Ed Normand, a partner at Boies, Schiller & Flexner, which represents the developers in this case, said he would have to check with his clients before commenting. Officials at Extell and Carlyle were not immediately available for comment.

5 Responses to “Judge rules against Extell & Carlyle in Rushmore appeal, orders release of $16M in deposits”

  1. January 23, 2012 at 7:05 pm, Riversider said:

    Guess what, if you write a contract, you have to do what it says!!!!

  2. January 26, 2012 at 1:21 am, Holly said:

    I agree with Riversider. The developer presents the contract. Buyer signs it. Then the developer years later says they had a typo. How convenient! I think the buyers should have received their refunds years ago and the developer then could have sold the units. Now he is stuck with 40 more units because of pure greed. Shameful. He has a great building and everyone loves the amenities — he just did not handle the situation in a smart manner.

  3. January 26, 2012 at 10:47 am, Riversider said:

    Actually Holly, they’ve already sold most of the units that were under contract to other buyers. That’s how crooked these guys are. They already made money on the units, and tried to keep the deposits of people that will get nothing in return.

  4. January 26, 2012 at 1:06 pm, Holly said:

    Riversider, then that is really developer despicable behavior. To not return deposits if they all ready sold the unit is completely 100% unacceptable. One of their salespeople actually said: the buyers just wanted their deposit back because the market changed. She was convinced it was not the date. Young and naive. As if anyone would believe that. A contract is a contract. Just typical developer behavior. Greed sometimes is not good. The developer ending up hurting his reputation and a reputation is something that is hard to build up after a disaster like this. He should have acted in a more respectful manner towards the buyers.

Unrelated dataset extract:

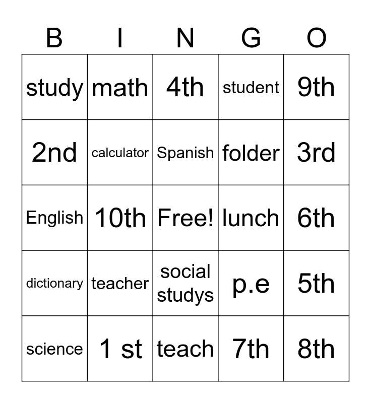 This bingo card has a free space and 24 words: teacher, 1 st, Spanish, science, 9th, study, 2nd, math, lunch, social studys, folder, English, p.e, 5th, calculator, 7th, 6th, 4th, 3rd, 10th, 8th, dictionary, student and teach.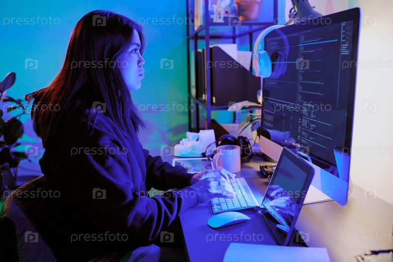 Кодирование в неоновой комнате Женщина

  5. January 19, 2013 at 5:55 pm, Robert Mark said:

    There is the wider matter of continuity of possession and integrity of escrow. NYSCPLR requires that the Sponsor maintain individual IOLA escrow accounts at the prevailing rate – pennies at current levels- but – this is important, the concept of escrow may not be violated – that is – it is an oxymoron to say that escrow funds are fungible, which Extell has attempted to claim in some of its filings. This opens the door for punitive damages – especially if the sponsor turned around and later sold these same units to others. Come on Rich do your stuff – The very concept of escrow in our world of LLCs is to ensure that developers don’t leverage and Ponzi their escrows – which we all know they’ve been doing for decades, which is how they always get into trouble. Barnett is far from alone in having been accused of this, Macklow, Swig, and many other developers share that stage. Isn’t it interesting that DOS requires all sort of licensing and fees from agents and brokers but a developer is not licensed, and is exempt from open listing and many other forms of expense and accountability placed on the shoulders of appraisers, real estate agents, and mortgage brokers.